> **Exercise details**: Copying rule for the data below: pictures stay out, and only the lines from the one with "韦鉴峰与麻辣王子进行了长达半" down to the one with "Рис. 1. Положение", inclusive, are repeated exactly.

[Recorded data — start]

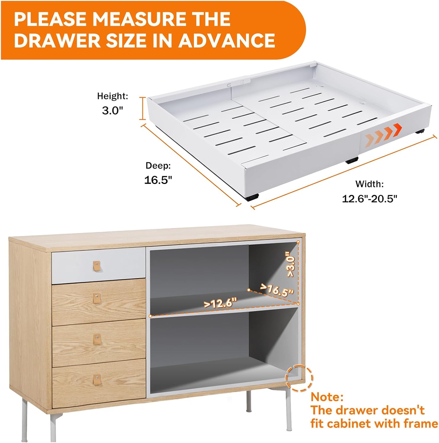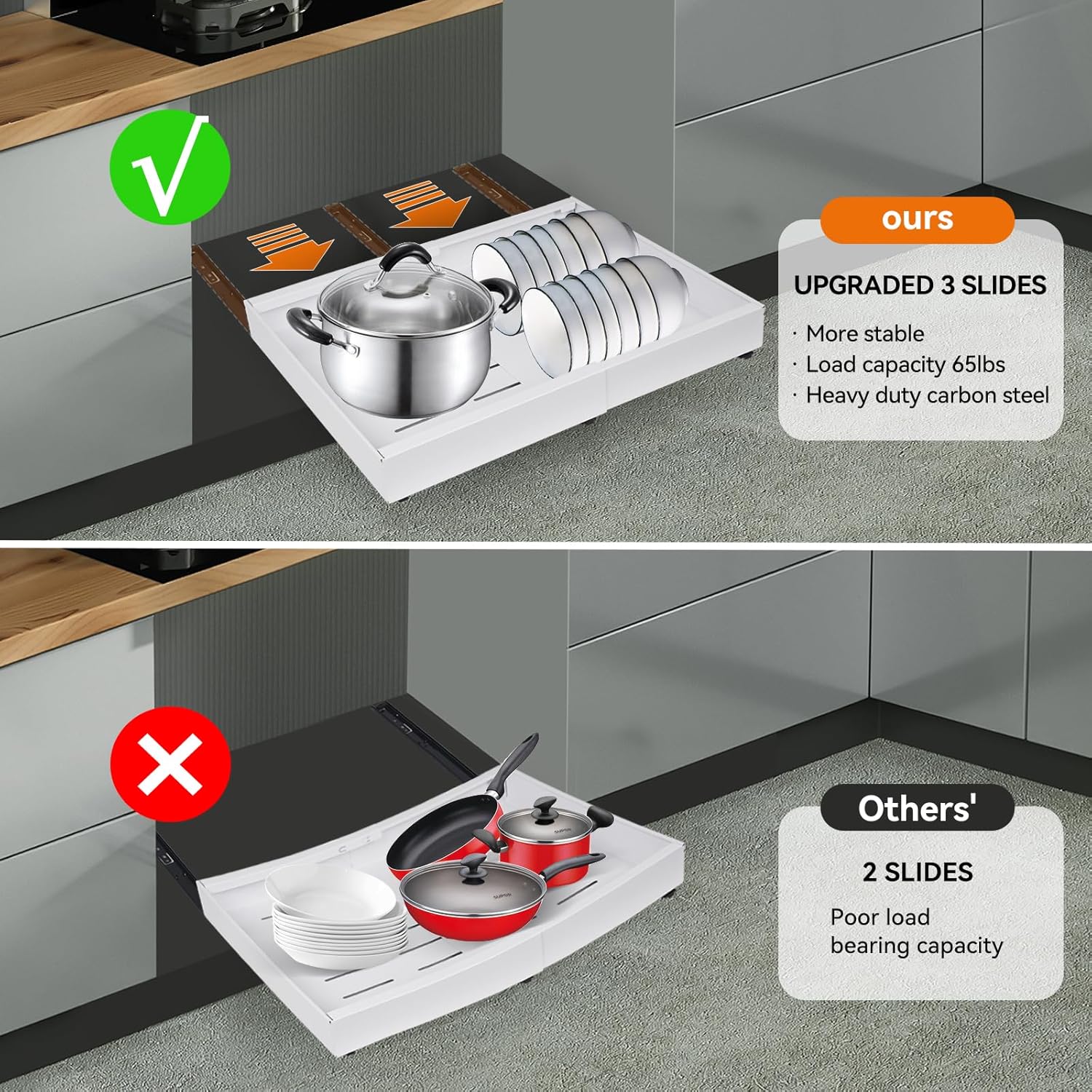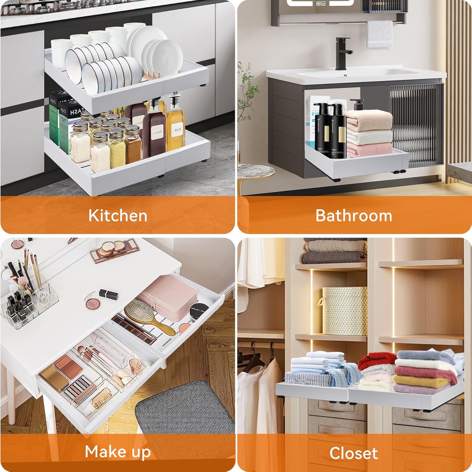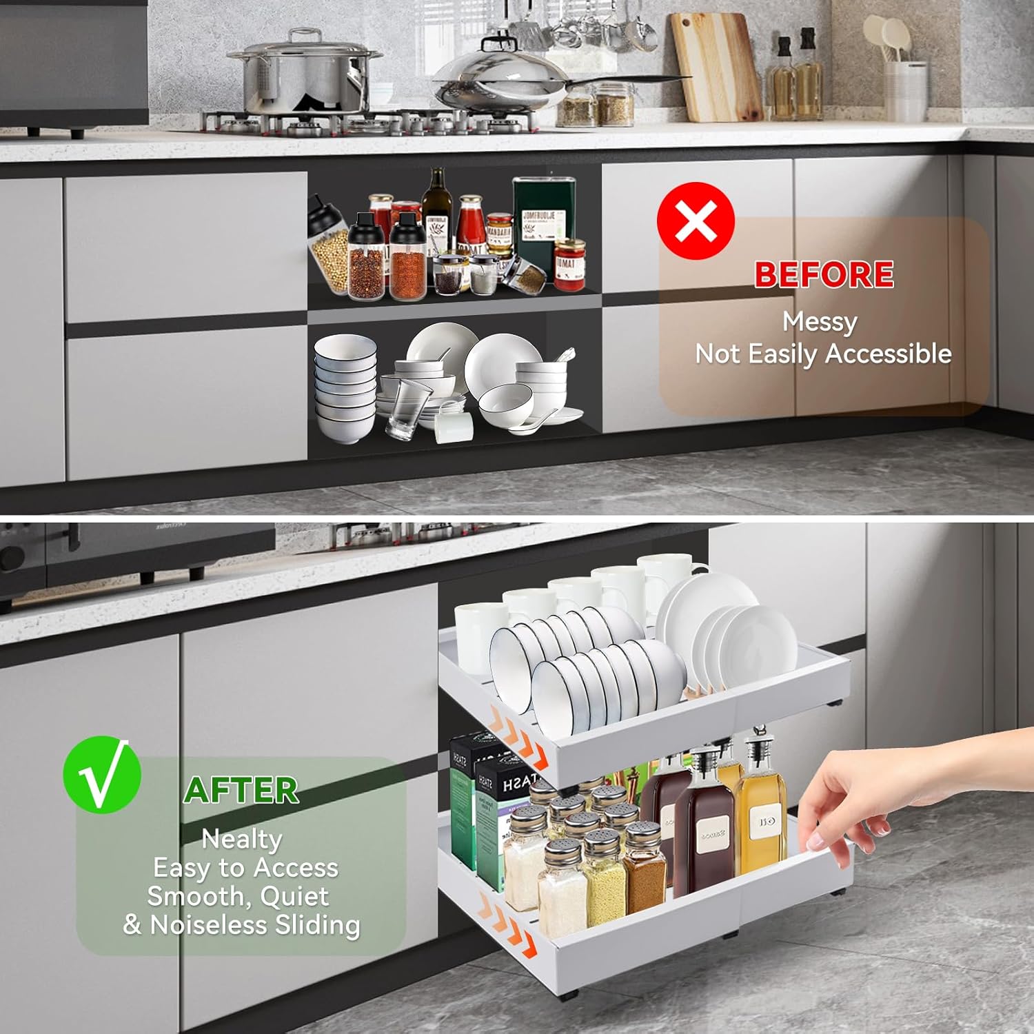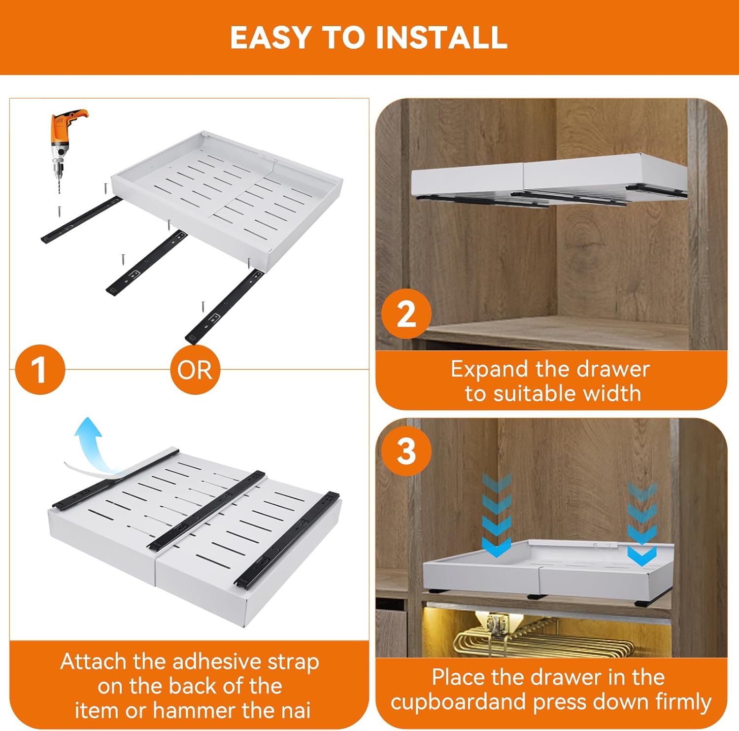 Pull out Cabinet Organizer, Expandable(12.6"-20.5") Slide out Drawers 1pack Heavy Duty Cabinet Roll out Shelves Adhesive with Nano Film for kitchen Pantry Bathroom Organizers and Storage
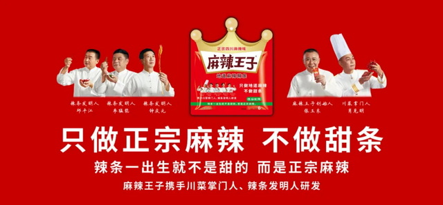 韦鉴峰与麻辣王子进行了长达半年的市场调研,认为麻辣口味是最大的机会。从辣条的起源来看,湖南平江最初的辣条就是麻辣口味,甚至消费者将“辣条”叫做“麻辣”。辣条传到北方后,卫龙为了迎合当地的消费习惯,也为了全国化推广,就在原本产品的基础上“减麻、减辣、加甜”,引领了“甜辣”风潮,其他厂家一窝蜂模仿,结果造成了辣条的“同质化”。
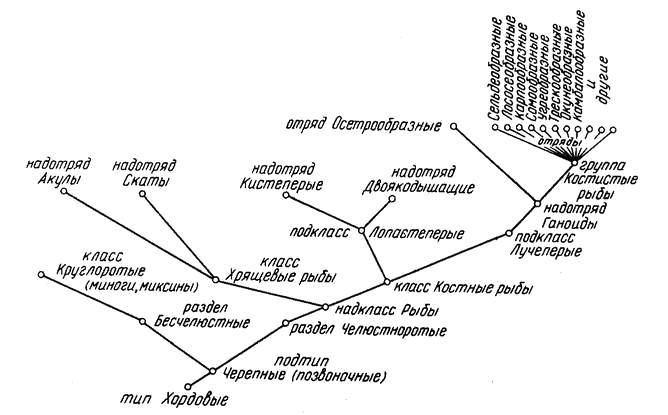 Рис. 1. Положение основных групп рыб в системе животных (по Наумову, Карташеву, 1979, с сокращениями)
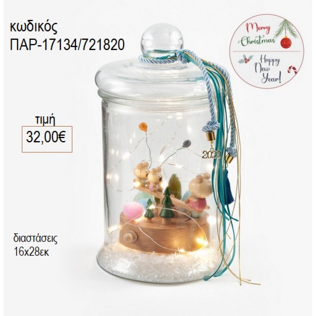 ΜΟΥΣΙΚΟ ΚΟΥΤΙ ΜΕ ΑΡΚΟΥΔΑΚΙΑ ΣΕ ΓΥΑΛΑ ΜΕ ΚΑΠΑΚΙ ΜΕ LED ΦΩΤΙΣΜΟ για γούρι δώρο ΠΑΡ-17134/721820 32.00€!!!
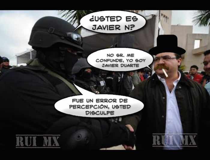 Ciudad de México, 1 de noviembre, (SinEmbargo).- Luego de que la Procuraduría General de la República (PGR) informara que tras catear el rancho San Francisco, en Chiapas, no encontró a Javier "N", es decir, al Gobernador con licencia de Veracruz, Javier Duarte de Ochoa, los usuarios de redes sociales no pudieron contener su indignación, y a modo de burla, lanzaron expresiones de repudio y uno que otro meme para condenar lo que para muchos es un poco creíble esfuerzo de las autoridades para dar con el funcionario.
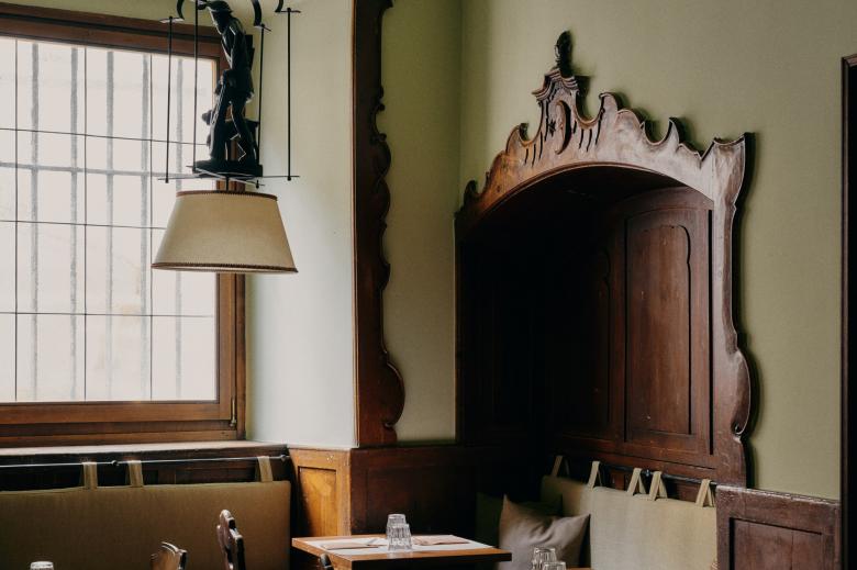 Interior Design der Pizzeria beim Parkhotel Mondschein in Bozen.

[Recorded data — finish]

> **Output**:
 韦鉴峰与麻辣王子进行了长达半年的市场调研,认为麻辣口味是最大的机会。从辣条的起源来看,湖南平江最初的辣条就是麻辣口味,甚至消费者将“辣条”叫做“麻辣”。辣条传到北方后,卫龙为了迎合当地的消费习惯,也为了全国化推广,就在原本产品的基础上“减麻、减辣、加甜”,引领了“甜辣”风潮,其他厂家一窝蜂模仿,结果造成了辣条的“同质化”。
 Рис. 1. Положение основных групп рыб в системе животных (по Наумову, Карташеву, 1979, с сокращениями)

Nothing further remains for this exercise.